====== Collected material ======
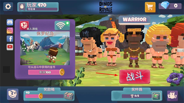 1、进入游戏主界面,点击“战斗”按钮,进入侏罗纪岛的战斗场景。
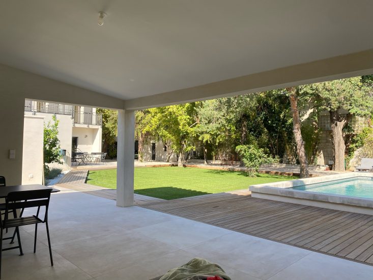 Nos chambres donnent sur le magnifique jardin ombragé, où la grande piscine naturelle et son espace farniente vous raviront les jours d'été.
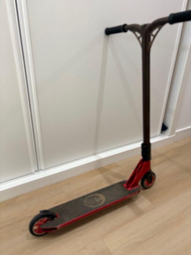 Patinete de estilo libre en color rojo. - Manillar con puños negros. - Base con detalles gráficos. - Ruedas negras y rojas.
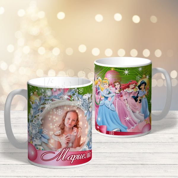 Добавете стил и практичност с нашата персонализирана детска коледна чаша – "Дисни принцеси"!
======
Copy out exactly the lines above beginning with the line that contains "Nos chambres donnent" and finishing with the line that contains "Patinete de estilo", including both; leave the pictures out.

 Nos chambres donnent sur le magnifique jardin ombragé, où la grande piscine naturelle et son espace farniente vous raviront les jours d'été.
 Patinete de estilo libre en color rojo. - Manillar con puños negros. - Base con detalles gráficos. - Ruedas negras y rojas.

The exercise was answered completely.